In many ways, the American Revolution introduced natural rights principles of liberty and equality that eroded the institution of slavery in the new republic. After 1776, several northern states, some of which had a considerable percentage of slaves, either freed their slaves outright or started gradual emancipation schemes. In 1782, Virginia allowed slave owners to manumit (voluntarily emancipate) their slaves, and thousands were freed. In 1787, Congress passed the Northwest Ordinance, which banned slavery in the new states north of the Ohio River that were created out of the Northwest Territory.

Benjamin Franklin was in his eighties when the new constitutional government first met. He was a renowned scientist and statesman who had achieved fame throughout the Western World as a man of the Enlightenment. He had fought for the liberties, independence, and nationhood of Americans for decades, and supported universal principles in an age of reason. Although he had held a few African servants over the years, he was an advocate of human liberty and came to see slavery as a great moral evil. He dedicated the end of his life to eradicating the institution in the United States. He was joined by a few Quakers, who were compelled by their religious principles, in the cause of justice and humanity for the over 690,000 African slaves living in the new nation who were denied their equal right to life, liberty, and the pursuit of happiness.

NARRATIVE

On February 11, 1790, two Quakers entered the House of Representatives, which was then meeting in New York. They respectfully submitted a petition to the government for a redress of rights. This was a traditional practice reaching far back into English constitutional history. The content of the petition, however, sparked a fierce debate on the floor of the First Congress. The people who signed the petition were calling on the federal government to ban the African slave trade.

Southern representatives angrily rose to their feet to denounce the petition and question the patriotism of the pacifist Quakers who had refused to fight in the War for Independence. James Jackson of Georgia and William Loughton Smith of South Carolina attacked the petition and cited Article I, Section 9, Clause 1 of the Constitution, which specifically banned Congress from interfering with the slave trade until 1808. They also articulated a biblical defense of slavery and argued for the economic necessity of slave labor. Jackson feared that, “if through the interference of the general government, the slave trade was abolished, it would evince to the people a general disposition toward a total emancipation.” He did not know how correct he was.

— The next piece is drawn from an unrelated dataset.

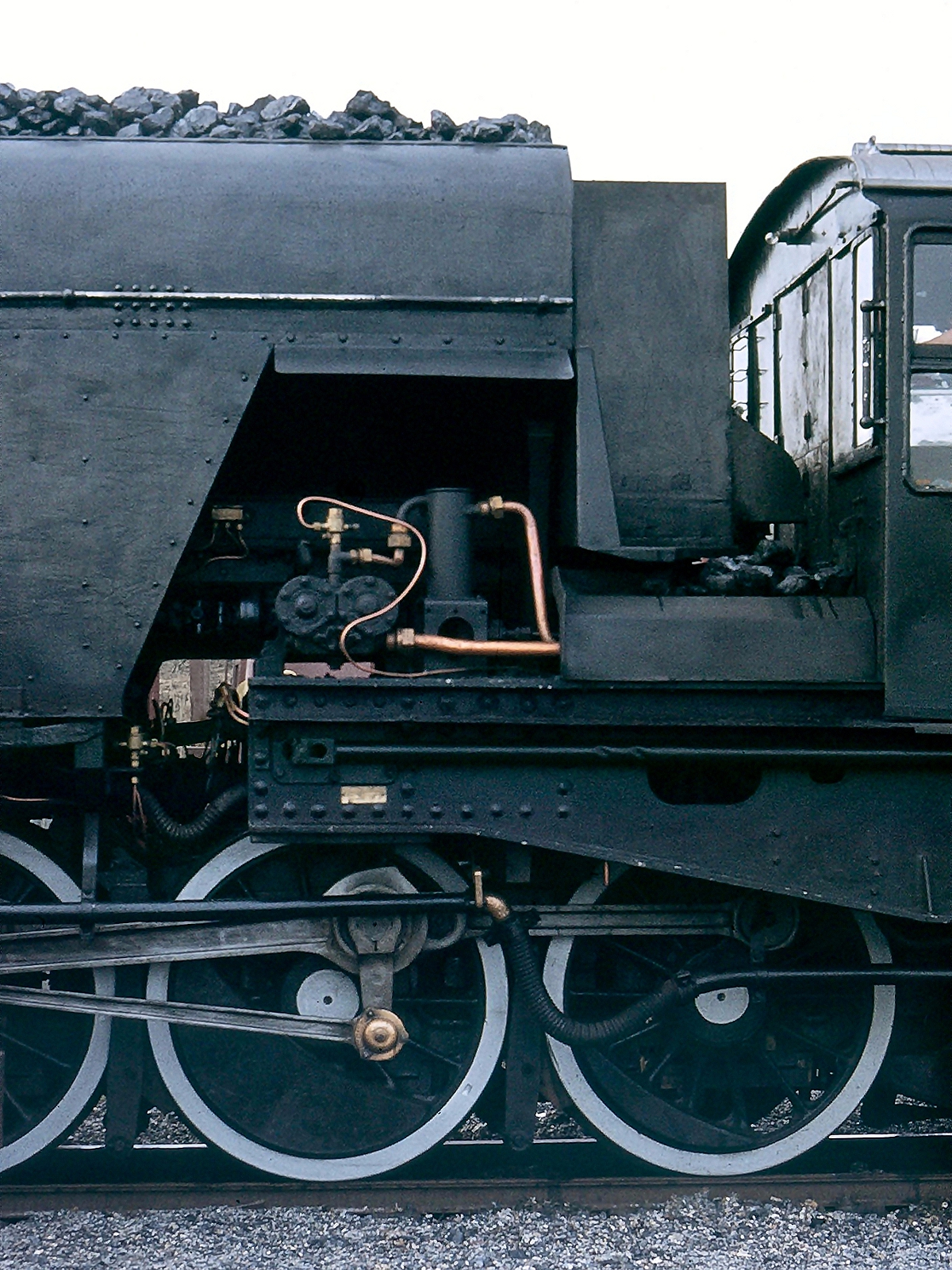 The stoker steam engine of a Garratt steam locomotive class GMAM of the South African Railways SAR. It is mounted at the recess of the rear tender. The number of the shown locomotive is 4122.

The following day, a petition arrived from the Pennsylvania Society for Promoting the Abolition of Slavery and its president, Benjamin Franklin. The octogenarian Franklin had accepted the presidency of the society shortly after returning from Europe, where he negotiated the peace treaty ending the Revolutionary War. Franklin was approaching the end of his long life, during which time he had always been a keen observer and often satirical commentator on human nature and society. He had dedicated his lifetime of public service to the cause of liberty and civic virtue, and had become a convert to the cause of opposing slavery. The year before, he wrote that slavery was “an atrocious debasement of human nature.” He had almost presented a petition from the society to the Constitutional Convention in the summer of 1787 but withheld it. Now, he was courageously opening the question of slavery at the dawn of the new nation.

The petition was a model of equality and justice, stating, “Mankind are all formed by the same Almighty Being, alike objects of his care, and equally designed for the enjoyment of happiness.” All people were entitled to the “blessings of liberty…without distinction of color,” it argued. It noted the contradiction of slavery and freedom in the American experiment by seeking the means “for removing this inconsistency from the character of the American people” and called on Congress to grant “liberty to those unhappy men who alone in this land of freedom are degraded into perpetual bondage.” It advocated not only the end of the slave trade as the Quaker petition had the day before, but the end of slavery.

The petition was on solid grounds of justice, but weaker on constitutional support for its case. Finding no clauses authorizing Congress to ban slavery, the society argued that Congress had the general grant of power in the General Welfare and Necessary and Proper clauses. The House voted overwhelmingly to refer the petitions to a committee over the objections of the South Carolina and Georgia delegations.

On March 16, the committee submitted its report to the House. Representative Jackson jumped to his feet and launched into a day-long harangue against the petitions. He thundered that “the southern states must be left to themselves on this subject” and reiterated the arguments he had previously made. Smith followed him the next day with a two-hour speech. Both personally attacked the Quakers’ character and assailed Franklin as a senile fool.

Jackson and Smith also argued that African Americans were ill-suited for freedom and citizenship. They warned of intermarriage between the races if slaves were freed. Franklin anticipated these prejudiced arguments and reasoned that slavery debased the slaves and ruined their natural intellectual equality. “The galling chains that bind his body do also fetter his intellectual faculties and impair the social affections of his heart.” Therefore, Franklin advocated a plan of education for free blacks to train them in knowledge and virtue for good citizenship. It would “instruct, to advise, to qualify those who have been restored to freedom, for the exercise and enjoyment of civil liberty…[to] promote the public good, and the happiness of these our hitherto much neglected fellow [humans].”

On March 23, the House voted on the resolutions contained in the committee report. Among the resolutions was one that prevented Congress from interfering with slavery where it already existed in the South, making explicit the silence of the Constitution on the issue. The humane petitions to end the slave trade and slavery had been received, but ended with Congress endorsing slavery’s protected status in the new nation. The question was hardly settled, however, and seven decades of fierce debate over slavery and its expansion would ensue.

Franklin responded to the conclusion of the controversy in his typical manner—he wrote a biting satire. He wrote a fictional speech by Muslim Sidi Mehemet Ibrahim of Algiers, who defended piracy and enslaving Christains. The logic used by Ibrahim mirrored the southern arguments. For example, Ibrahim argued, “If we cease our cruises against the Christians, how shall we be furnished with the commodities their countries produce, and which are so necessary? . . . Let us then hear no more of this detestable proposition, the manumission of Christian slaves.”

The eighty-four-year-old Franklin died only a few weeks later. He had spent a lifetime in service to the republic and to the universal ideal that all humans were created free and equal. His last act on the public stage was to submit a petition for the end of slavery and the slave trade, and promote justice for slaves. It was a cause that would be taken up by many other courageous individuals who questioned the institution of owning human beings.